Mr David Gillatt, a panel member and Consultant Urologist at Southmead
Hospital, Bristol, UK commented that: "In this era of targeted therapies and
evolving innovations in healthcare and specifically prostate cancer, it is
the new drugs that dominate proceedings at medical meetings and secure
interest. We must not allow the benefits of established and proven
treatments, such as CAB, to be overlooked to the detriment of patient care."

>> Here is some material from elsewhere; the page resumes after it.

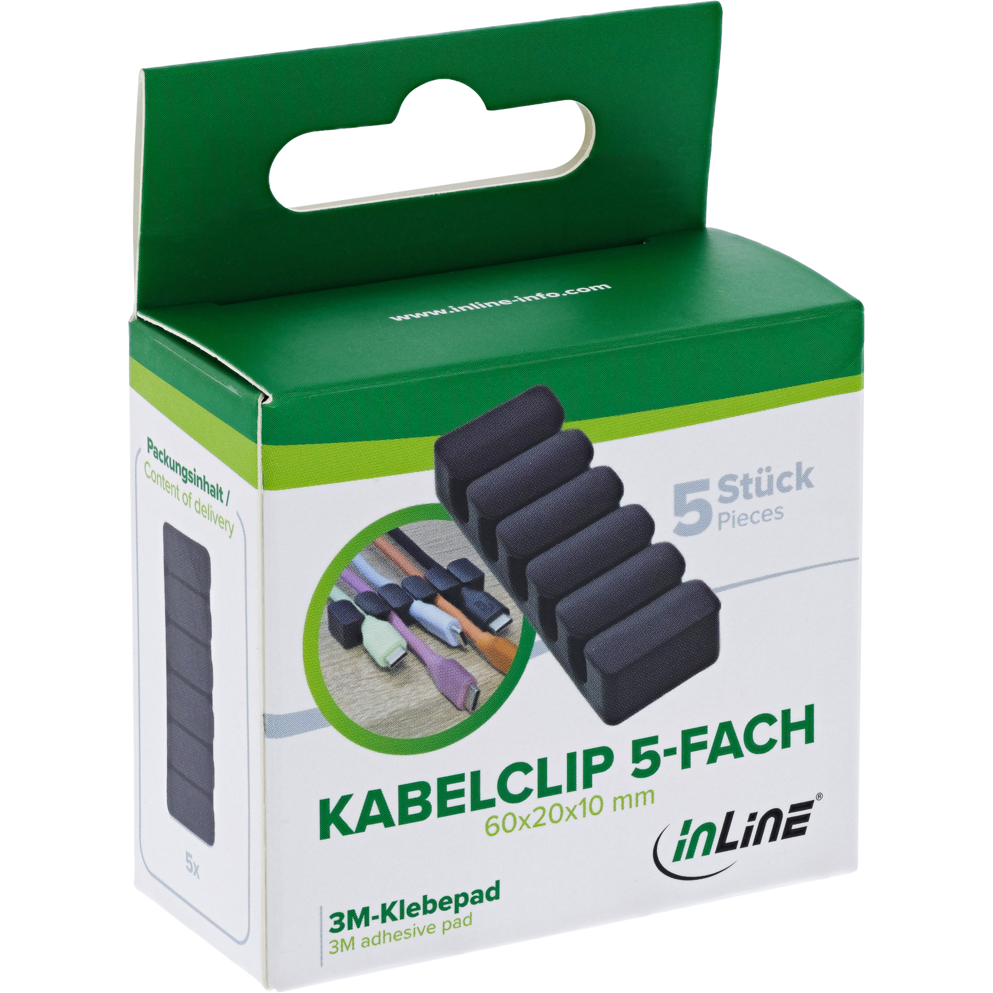 Der InLine® Kabelclip 5-fach bietet eine einfache und effektive Lösung zur Kabelführung ohne Bohren. Dank des hochwertigen 3M®-Klebepads lassen sich Kabel schnell, sauber und dauerhaft fixieren – ideal für den Einsatz im Büro, in Werkstätten, Fahrzeugen oder im Haushalt.

Non-CAB prescribers: perception of clinical evidence
The survey revealed that 79% of non-CAB prescribers attribute the need
for more clinical evidence demonstrating the benefits of CAB as a reason for
not utilising the treatment option(*1). Speaking on behalf of the panel,
Professor of Surgery at the Sunnybrook Health Services Centre, University of
Toronto, Canada, Professor Laurence Klotz addressed the belief that there is
a lack of clinical evidence noting that: "Such misconceptions are a barrier
to the use of combined hormonal therapy. The evidence suggests that there may
be significant benefits from the use of combination therapy. The addition of
CASODEX (bicalutamide) 50mg to an LHRH agonist in patients at high risk for
prostate cancer mortality could reduce the rate of prostate cancer death by
20% compared to castration therapy alone."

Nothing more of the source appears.